OpenAILLMClient (@openexpertise/llm-openai)
import { OpenAILLMClient } from '@openexpertise/llm-openai'
const client = new OpenAILLMClient({
apiKey: process.env.OPENAI_API_KEY,
retry: { max_attempts: 4, base_ms: 1000 },
})Compatible with any OpenAI-format endpoint (OpenAI, Azure OpenAI, vLLM, Ollama). Strips <think>…</think> prefixes from tool-call argument strings before JSON parsing — a quirk of some reasoning-mode servers. See Self-hosted LLMs for vLLM / Ollama setup.
Writing your own implementation
Any object that satisfies the LLMClient interface is acceptable:
import type { LLMClient, LLMCompleteOpts, LLMCompleteResult } from '@openexpertise/core'
class MyClient implements LLMClient {
async complete(opts: LLMCompleteOpts): Promise<LLMCompleteResult> {
// call your provider's API
return { text: 'hello from my provider' }
}
}Inject it wherever a dispatcher that needs an LLMClient is constructed:
import { AgentDispatcher } from '@openexpertise/node-kinds-agent'
import { SkillDispatcher } from '@openexpertise/node-kinds-skill'
dispatchers.register(new AgentDispatcher({ client: new MyClient() }))

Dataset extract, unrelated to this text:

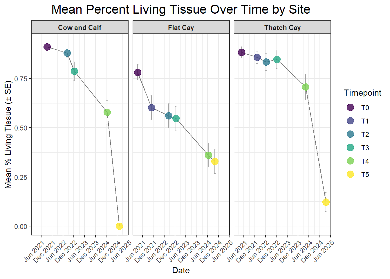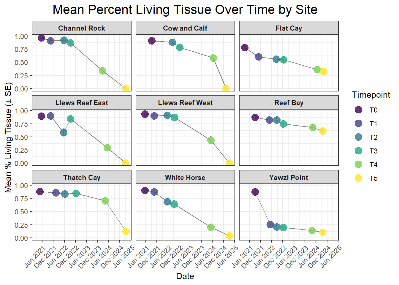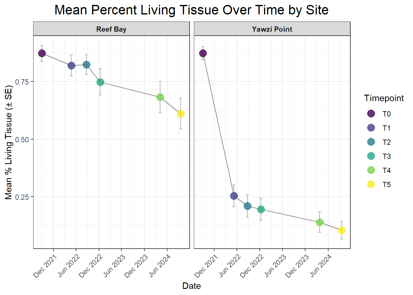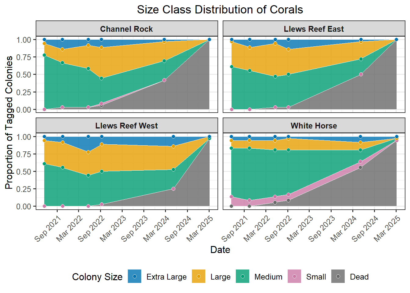 A powerful demographic view of the coral population, revealing its underlying structure and how it changes over time. This method involves categorizing each coral colony into a specific size “bin” based on its 3D structural volume (Structure = L x W x H). The resulting stacked plot shows the proportion of the population in each class, from “Dead” (Bin_0) and “Small” (Bin_1) up to “Extra Large” (Bin_4). Watching these proportions shift is crucial; for instance, a growing number of “Small” colonies could signal successful recruitment, while a loss of “Large” colonies might indicate high mortality on the most established corals, significantly impacting the reef’s overall complexity and resilience.

dispatchers.register(new SkillDispatcher({ client: new MyClient() }))Behavior notes
Tool routing. AnthropicLLMClient and OpenAILLMClient both force tool use when exactly one tool is provided (Anthropic: tool_choice: { type: 'tool' }; OpenAI: tool_choice: { type: 'function', function: { name } }). This is how EvolutionAdvisor and UltraExpertise guarantee structured output.

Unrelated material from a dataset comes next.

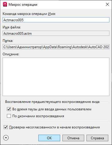 Задание имени текущего макроса операции. Можно задать новое имя вместо имени, отображаемого по умолчанию.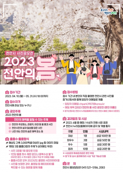 ‘2023 천안의 봄’을 주제로 열리는 이번 공모전은 천안의 주요 명소, 야경 등 풍경 사진이나 천안시민의 삶과 일상을 담은 사진을 오는 5월 31일까지 공모한다.

Retry. Both built-in clients retry on 429 with exponential back-off: delay = base_ms * 2^(attempt-1). The attempt counter starts at 1. At max_attempts the error is re-thrown.
Error transparency. Errors from the underlying SDK (network failure, 500, auth failure) are not wrapped — they propagate as-is so that the node's on_error policy can handle them.